Even the committee chairman was taken aback by some of the findings.

"We tried to go into jurisdictions and ask them, 'OK, give us all your closed cases for fiscal 1995.' They couldn't do it," said Patrick L. Woodward, Montgomery County District Court judge.

"We have got a lot of work cut out for us," he said.

Changes that might come out of this study will affect thousands of neglected and abused children. Maryland has about 8,500 children in foster care, and 3,000 more living with relatives. Those numbers have increased each year, said committee member Charles R. Cooper, administrator of the state's Foster Care Review Board.

The burgeoning number of cases has not been accompanied by an increase in court personnel and support staff, leading to horrendous backups. In some places, such as Baltimore, hearings that should take place every six months have not been held for 18 months, he said.
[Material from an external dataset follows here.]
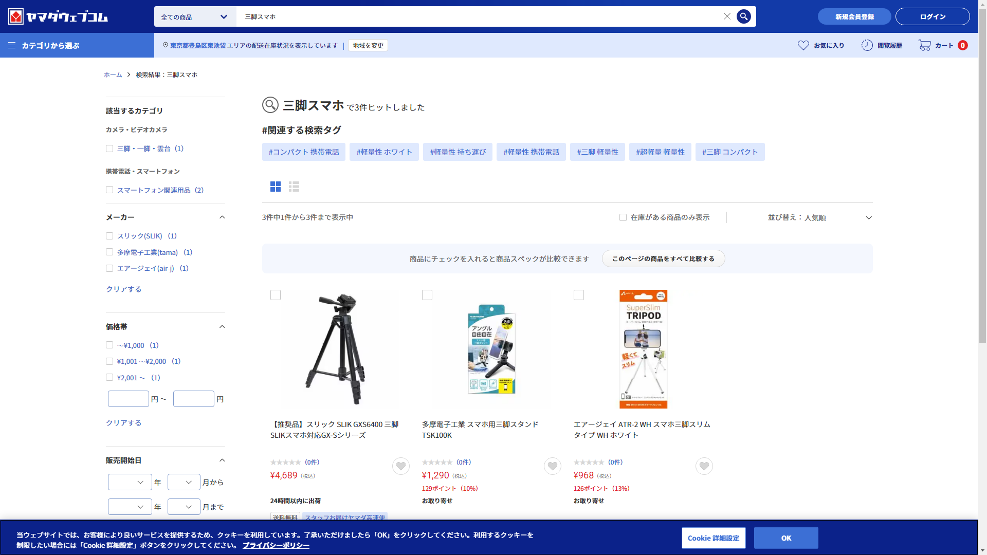 お調べしたところ現在、ヤマダデンキでは三脚スマホに関連する商品を買うことが可能です。

Of eight jurisdictions studied, none came close to complying with state law, which says courts must rule on a termination-of-parental-rights petition within 180 days. Anne Arundel County came closest. Seventy-five percent of the cases there were completed on time, compared with Baltimore, where the rate was 16 percent.

Also among the panel's recommendations and findings:

The judiciary should overhaul its method of gathering information before 2000 so the state has uniform ways to describe such basic court activities as what happened in a case, when it is opened and when it is closed. The panel often found that with varying criteria, procedures and terminology around the state, the number of cases and their status could not be determined. Baltimore did not close 90 percent of its Children in Need of Assistance (CINA) cases, while Caroline County never closed a shelter-care case. Some reopened old cases for a single child, but others kept opening new cases for the same child.

The courts should train judges, who decide guardianship cases, and masters, who hear and monitor CINA cases. Surveys showed a "significant lack of judicial training," with 24 of 42 judges and masters saying they had no experience with foster care before handling the cases in their courtrooms. Woodward said that, at least as a start, the state offered a two-day training session for judges and masters in June.

Poor parents need legal help, and lawyers need better training, more pay and smaller caseloads. Social service providers always had lawyers and the courts generally named an attorney for the children, but parents who did not qualify for attorneys from the Office of the Public Defender sometimes went without representation at key proceedings. Just under half the attorneys responding to a survey said they had training in guardianships before handling their first cases.

The courts, the state Bar Association and several state agencies should draft a state statute for the CINA cases for introduction during the 1999 General Assembly session because the current one is open to various interpretations.